[Entries taken from a collection]

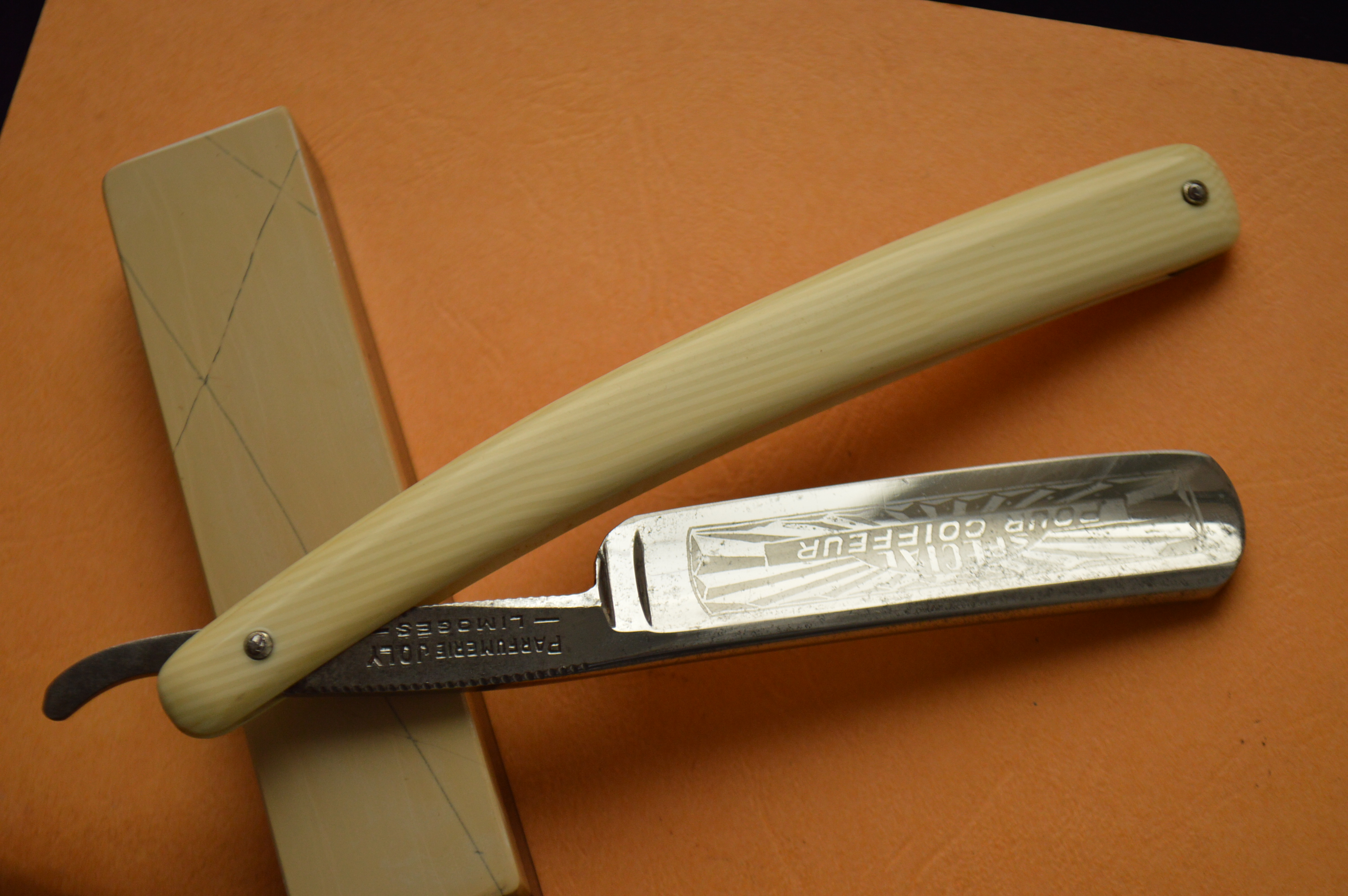 Антикварная французская бритва, сделанная производителем с торговой маркой, которая выбита на эрле с обратной стороны: @130@ для продавца: магазина Parfumerie Joly из видного французского города Лимож Традиционно были развиты коннозаводство, производство фарфора, сукна, полусукна, фланели, полушерстяных тканей, свечей, обуви и т. п. Город был важным складочным местом для товаров, идущих из Парижа в Южную Францию. В XIV—XVIII веках славился лимозинами — эмалированными вещами. Наивысшая точка развития промышленного сектора городской экономики Лиможа пришлась на период с 1850 года по 1930-е годы, о чём свидетельствует создание больших фарфоровых заводов Haviland в 1852 году на месте современного Торгового центра Centre commercial Saint-Martial, а в 1892 году в квартале Mas-Loubier. Последний из этих заводов вскоре стал самой крупной фарфоровой фабрикой в городе, имея к 1907 году, 17 печей и 800 рабочих. Параллельно формированию этих крупных промышленных объектов в Лиможе развивалась сеть малых предприятий по изготовлению фарфоровых изделий, к примеру фабрика Labesse, где в период между 1873 и 1938 годами трудились 90 человек .
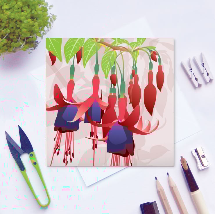Fuchsia - pretty bell shaped flowers grow profusely from this popular small garden shrub, smaller trailing varieties are popular in hanging baskets.
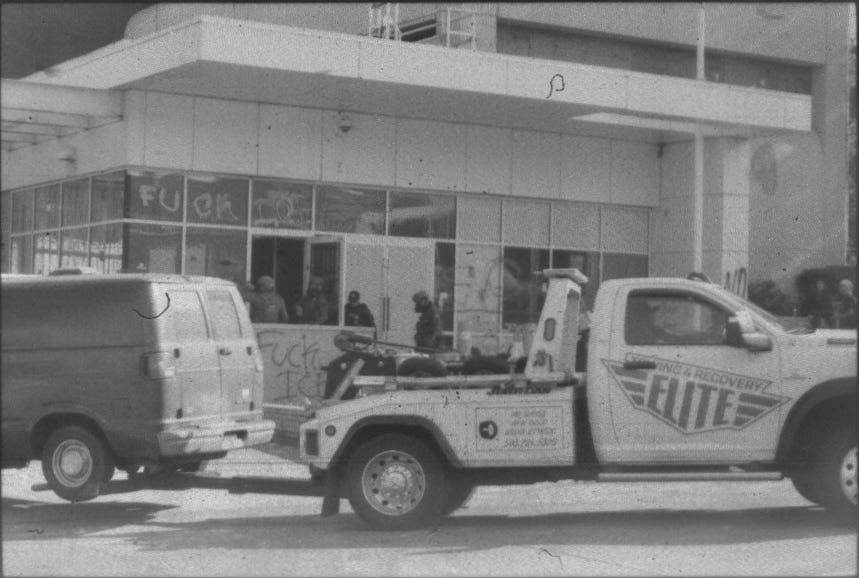 About half an hour later, a tow truck showed up to take the van away. The driver got out of his truck and talked to one of the cops. Then he hooked the van up in a few practiced movements and drove it away. I was over by the encampment after they took the van, getting some supplies I neglected to bring. I didn’t pack my helmet for one, and I’d completely neglected goggles. I did bring my half-face respirator, but without a helmet and goggles, if they tear gassed us, I would just be blind and concussed while breathing a little better, I guess. I grabbed a helmet, donned my gas mask, and put on a pair of kids’ swim goggles. I didn’t even get the chance to take off the Please Remove Protective Film stickers before the gates opened, and soldiers poured out of the breach.
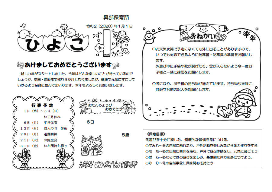 新しい年がスタートしました。今年はどんな楽しいことが待っているのでしょうか。卒園・進級まで残り3か月となりましたが、健康で元気にすごしていけるよう保育に励んでまいります。本年もよろしくお願い致します。
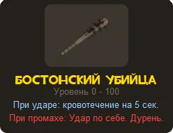Бостонский убийца - одно из двух новых оружии для скаута, имеет идентичные боевые параметры с обычной бейсбольной битой, также новая дубина имеет два уникальных атрибута:
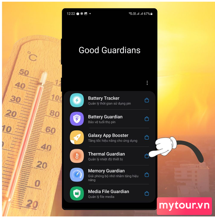 Bước 2: Sau khi hoàn tất cài đặt, khởi động ứng dụng Good Guardians. Bạn sẽ thấy 6 chức năng khác nhau, tương ứng với 6 ứng dụng nhỏ. Trong menu đó, chọn Thermal Guardian vì đây là công cụ quản lý nhiệt độ cho điện thoại.
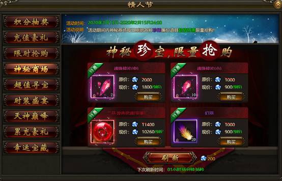 2. 活动期间内,神秘商场每日刷新各种珍稀道具,打折出售限量抢购。
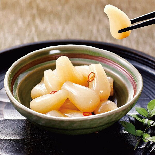 蜂蜜らっきょ漬 国産らっきょうを使用し、シャキっとした歯ざわりと、甘酸っぱさで食が進みます。
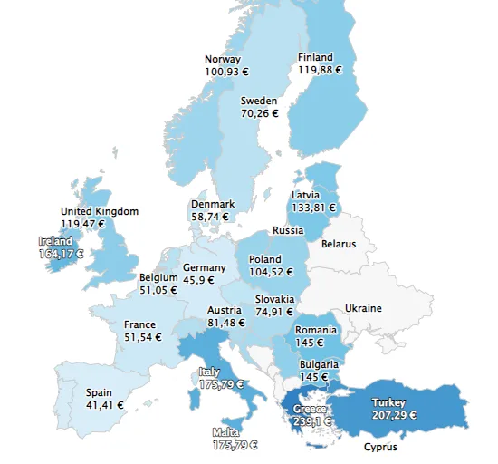 Το φθηνότερο ρεύμα στην Ευρώπη έχουν η Ισπανία και η Πορτογαλία, με 41,41 ευρώ ανά MWh και ακολουθούν το Λουξεμβούργο και η Γερμανία με 45,90 ευρώ ανά MWh, το Βέλγιο (51,05 ευρώ ανά MWh) και η Γαλλία (51,54 ευρώ ανά MWh).
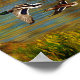 Male and female mallard ducks in flight over a golden pond, water rippling to reflect the colours of the background autumn foliage glowing in the sunlight. Realistic artwork created from an original oil painting by wildlife artist Crista S. Forest.
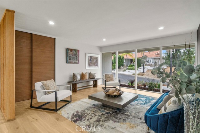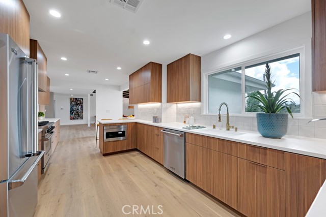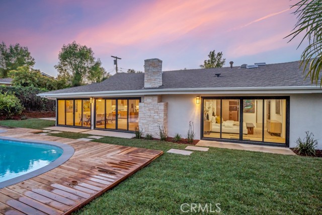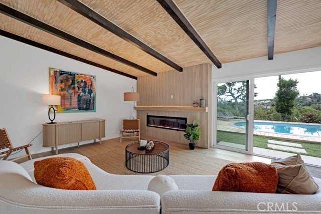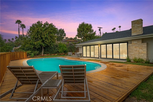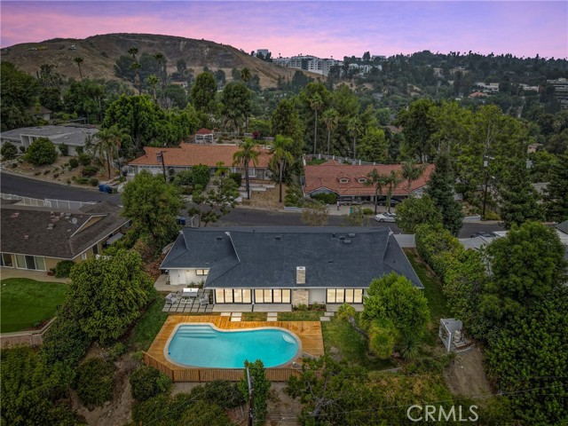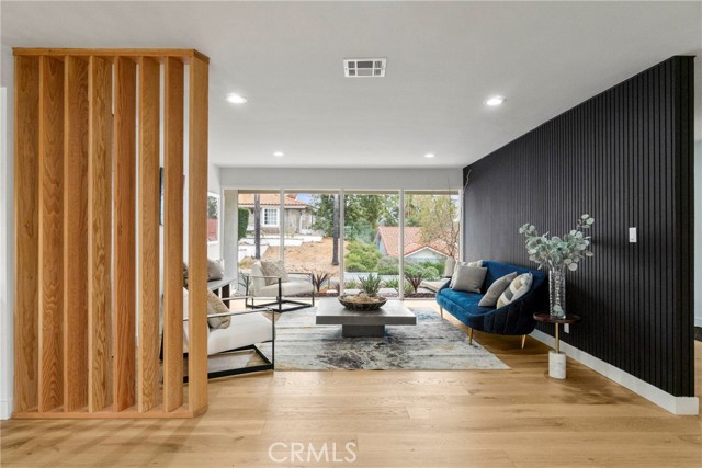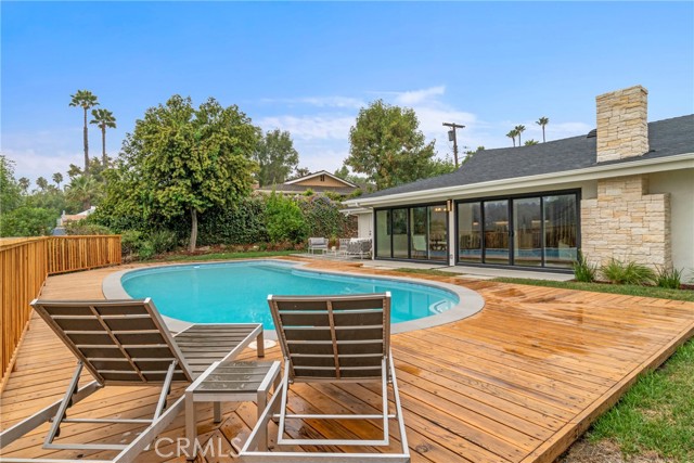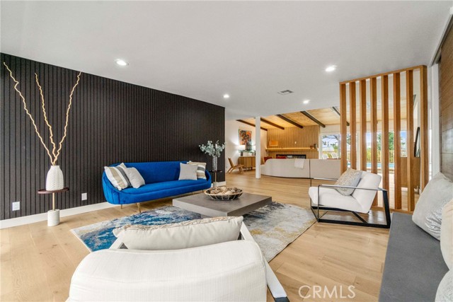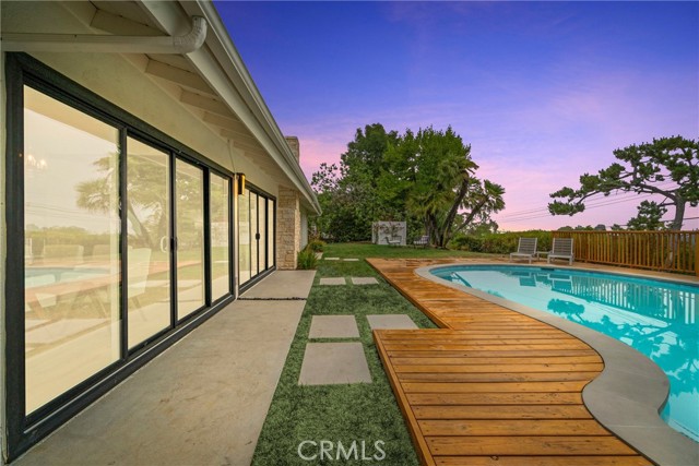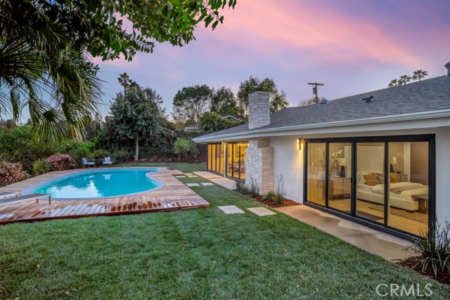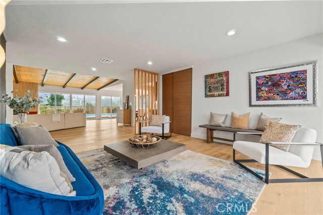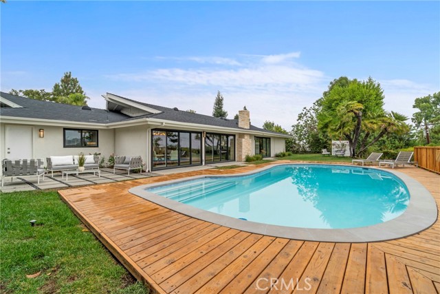 Welcome to your serene, single-story, mid-century modern dream home, completely reimagined and remodeled to perfection. Located in the hills of the coveted Vista De Oro neighborhood. This stunning view home blends natural wood elements, an open floor plan, abundant natural light, and modern amenities for the ultimate in comfort and style.Step inside and be captivated by the warmth of white oak flooring and thoughtfully designed natural accents throughout. At the heart of the home is a chef’s dream, gourmet kitchen featuring custom cabinetry, pristine white quartz countertops, and imported “Zellige Fez” backsplash. Equipped with top-of-the-line Viking stainless steel appliances, including a refrigerator, dishwasher, and range. The spacious open floor plan is complemented by high vaulted ceilings, creating a light and airy ambiance. This exquisite home features a large living room area with a natural wood design 2replace, dining room perfect for hosting and entertaining, and large family room with a glass wall overlooking the outdoors. This Superb home features five bedrooms and three luxurious bathrooms, including a primary suite designed to be a tranquil retreat. The primary suite offers a walk-in closet and an opulent bathroom featuring a large spa-like shower with imported “Porcelanosa” tile from Spain and a freestanding soaking tub.Designed for relaxation and family entertainment, the lush backyard includes a grassy lawn, a large deck surrounding a sparkling pool with sweeping views. It’s the perfect setting for hosting gatherings, enjoying gourmet al fresco dinners, or simply unwinding in your private oasis.Conveniently located near upscale shopping, fine dining, and entertainment, this home strikes the perfect balance between modern luxury and everyday convenience.

◆ Task ◆
What you produce should repeat the data word for word while omitting all images.

◆ Solution to the exercise ◆
 Антикварная французская бритва, сделанная производителем с торговой маркой, которая выбита на эрле с обратной стороны: @130@ для продавца: магазина Parfumerie Joly из видного французского города Лимож Традиционно были развиты коннозаводство, производство фарфора, сукна, полусукна, фланели, полушерстяных тканей, свечей, обуви и т. п. Город был важным складочным местом для товаров, идущих из Парижа в Южную Францию. В XIV—XVIII веках славился лимозинами — эмалированными вещами. Наивысшая точка развития промышленного сектора городской экономики Лиможа пришлась на период с 1850 года по 1930-е годы, о чём свидетельствует создание больших фарфоровых заводов Haviland в 1852 году на месте современного Торгового центра Centre commercial Saint-Martial, а в 1892 году в квартале Mas-Loubier. Последний из этих заводов вскоре стал самой крупной фарфоровой фабрикой в городе, имея к 1907 году, 17 печей и 800 рабочих. Параллельно формированию этих крупных промышленных объектов в Лиможе развивалась сеть малых предприятий по изготовлению фарфоровых изделий, к примеру фабрика Labesse, где в период между 1873 и 1938 годами трудились 90 человек .
Fuchsia - pretty bell shaped flowers grow profusely from this popular small garden shrub, smaller trailing varieties are popular in hanging baskets.
 About half an hour later, a tow truck showed up to take the van away. The driver got out of his truck and talked to one of the cops. Then he hooked the van up in a few practiced movements and drove it away. I was over by the encampment after they took the van, getting some supplies I neglected to bring. I didn’t pack my helmet for one, and I’d completely neglected goggles. I did bring my half-face respirator, but without a helmet and goggles, if they tear gassed us, I would just be blind and concussed while breathing a little better, I guess. I grabbed a helmet, donned my gas mask, and put on a pair of kids’ swim goggles. I didn’t even get the chance to take off the Please Remove Protective Film stickers before the gates opened, and soldiers poured out of the breach.
 新しい年がスタートしました。今年はどんな楽しいことが待っているのでしょうか。卒園・進級まで残り3か月となりましたが、健康で元気にすごしていけるよう保育に励んでまいります。本年もよろしくお願い致します。
Бостонский убийца - одно из двух новых оружии для скаута, имеет идентичные боевые параметры с обычной бейсбольной битой, также новая дубина имеет два уникальных атрибута:
 Bước 2: Sau khi hoàn tất cài đặt, khởi động ứng dụng Good Guardians. Bạn sẽ thấy 6 chức năng khác nhau, tương ứng với 6 ứng dụng nhỏ. Trong menu đó, chọn Thermal Guardian vì đây là công cụ quản lý nhiệt độ cho điện thoại.
 2. 活动期间内,神秘商场每日刷新各种珍稀道具,打折出售限量抢购。
 蜂蜜らっきょ漬 国産らっきょうを使用し、シャキっとした歯ざわりと、甘酸っぱさで食が進みます。
 Το φθηνότερο ρεύμα στην Ευρώπη έχουν η Ισπανία και η Πορτογαλία, με 41,41 ευρώ ανά MWh και ακολουθούν το Λουξεμβούργο και η Γερμανία με 45,90 ευρώ ανά MWh, το Βέλγιο (51,05 ευρώ ανά MWh) και η Γαλλία (51,54 ευρώ ανά MWh).
 Male and female mallard ducks in flight over a golden pond, water rippling to reflect the colours of the background autumn foliage glowing in the sunlight. Realistic artwork created from an original oil painting by wildlife artist Crista S. Forest.
 Welcome to your serene, single-story, mid-century modern dream home, completely reimagined and remodeled to perfection. Located in the hills of the coveted Vista De Oro neighborhood. This stunning view home blends natural wood elements, an open floor plan, abundant natural light, and modern amenities for the ultimate in comfort and style.Step inside and be captivated by the warmth of white oak flooring and thoughtfully designed natural accents throughout. At the heart of the home is a chef’s dream, gourmet kitchen featuring custom cabinetry, pristine white quartz countertops, and imported “Zellige Fez” backsplash. Equipped with top-of-the-line Viking stainless steel appliances, including a refrigerator, dishwasher, and range. The spacious open floor plan is complemented by high vaulted ceilings, creating a light and airy ambiance. This exquisite home features a large living room area with a natural wood design 2replace, dining room perfect for hosting and entertaining, and large family room with a glass wall overlooking the outdoors. This Superb home features five bedrooms and three luxurious bathrooms, including a primary suite designed to be a tranquil retreat. The primary suite offers a walk-in closet and an opulent bathroom featuring a large spa-like shower with imported “Porcelanosa” tile from Spain and a freestanding soaking tub.Designed for relaxation and family entertainment, the lush backyard includes a grassy lawn, a large deck surrounding a sparkling pool with sweeping views. It’s the perfect setting for hosting gatherings, enjoying gourmet al fresco dinners, or simply unwinding in your private oasis.Conveniently located near upscale shopping, fine dining, and entertainment, this home strikes the perfect balance between modern luxury and everyday convenience.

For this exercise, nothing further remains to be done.